What to produce
Please keep the pictures out and write out exactly the lines from the first in the data below through the one containing "An autographed cutting", both included.

Dataset section
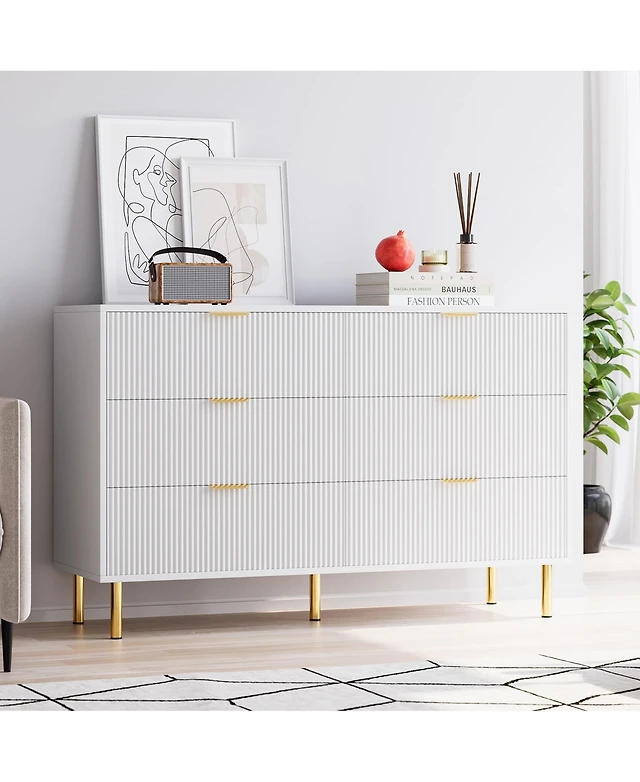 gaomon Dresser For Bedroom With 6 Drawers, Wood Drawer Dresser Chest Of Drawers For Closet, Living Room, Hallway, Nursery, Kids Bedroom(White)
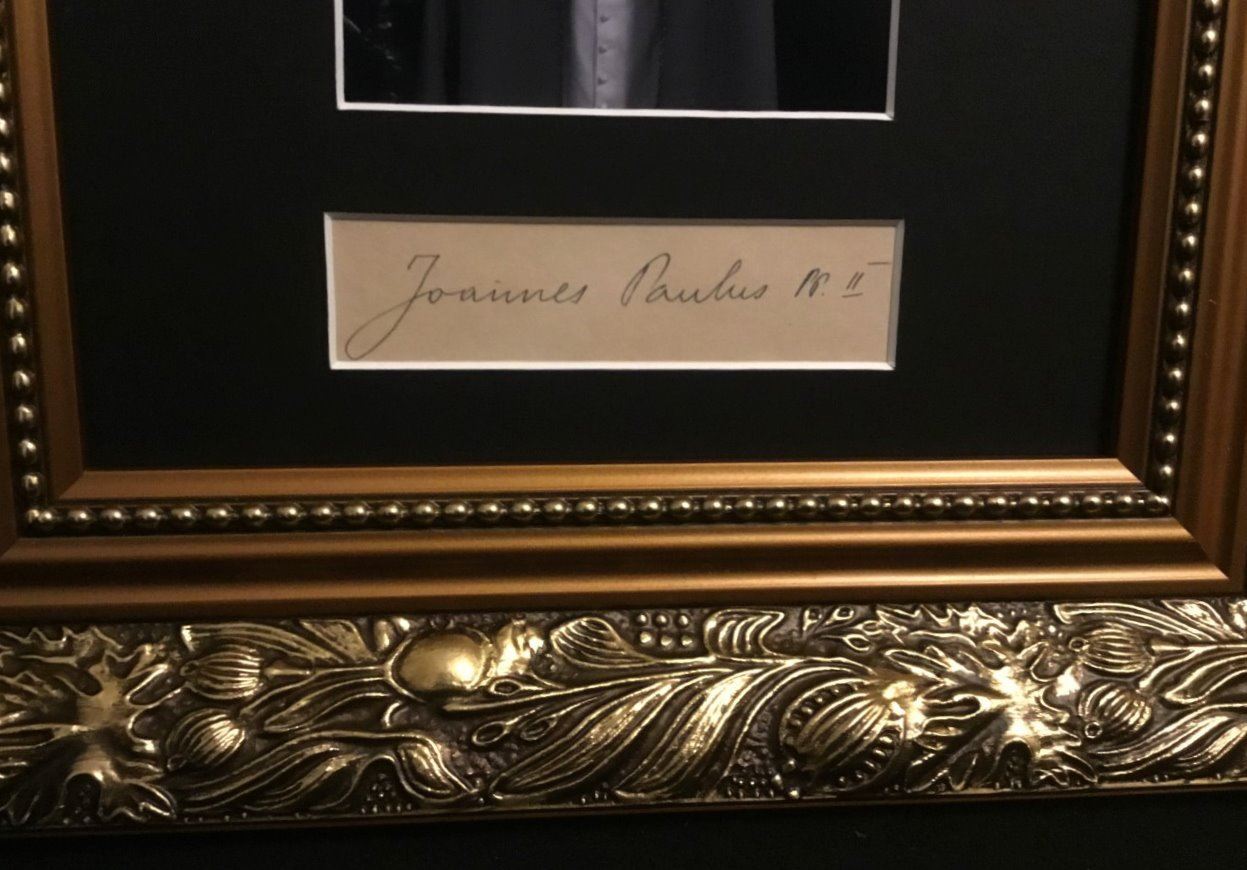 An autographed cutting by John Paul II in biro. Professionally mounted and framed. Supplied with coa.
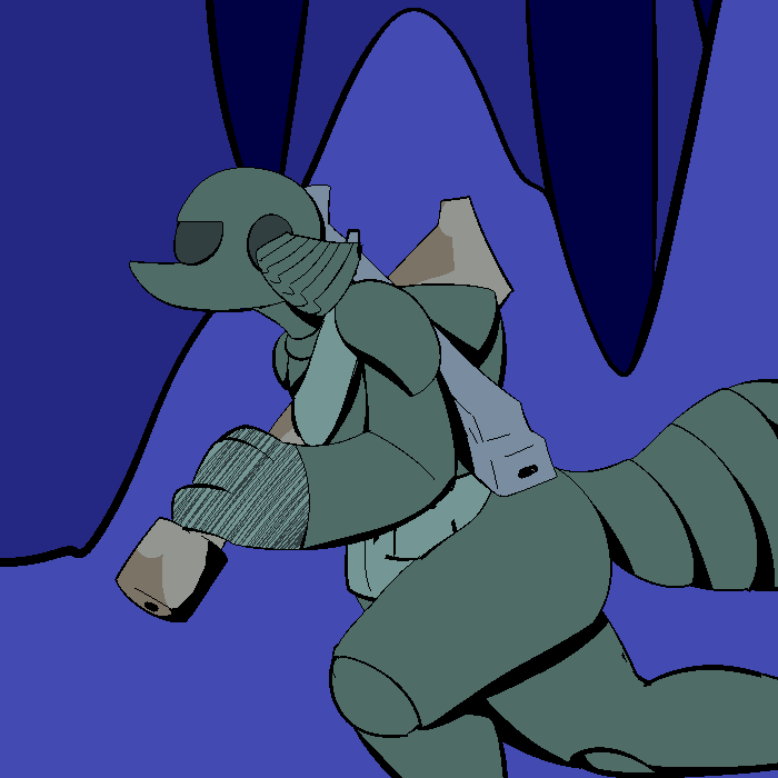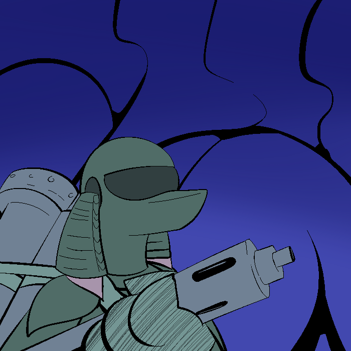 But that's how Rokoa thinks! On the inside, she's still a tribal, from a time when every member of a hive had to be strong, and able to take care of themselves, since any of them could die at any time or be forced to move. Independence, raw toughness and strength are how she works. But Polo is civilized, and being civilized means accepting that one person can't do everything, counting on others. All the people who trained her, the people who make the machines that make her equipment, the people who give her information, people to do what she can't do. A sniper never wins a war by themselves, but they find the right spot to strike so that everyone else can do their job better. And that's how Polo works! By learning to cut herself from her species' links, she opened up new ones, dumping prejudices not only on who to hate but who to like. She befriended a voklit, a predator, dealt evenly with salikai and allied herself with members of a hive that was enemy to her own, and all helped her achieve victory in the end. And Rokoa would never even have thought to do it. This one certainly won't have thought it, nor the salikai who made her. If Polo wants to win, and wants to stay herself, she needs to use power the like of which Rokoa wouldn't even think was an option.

Your solution
 gaomon Dresser For Bedroom With 6 Drawers, Wood Drawer Dresser Chest Of Drawers For Closet, Living Room, Hallway, Nursery, Kids Bedroom(White)
 An autographed cutting by John Paul II in biro. Professionally mounted and framed. Supplied with coa.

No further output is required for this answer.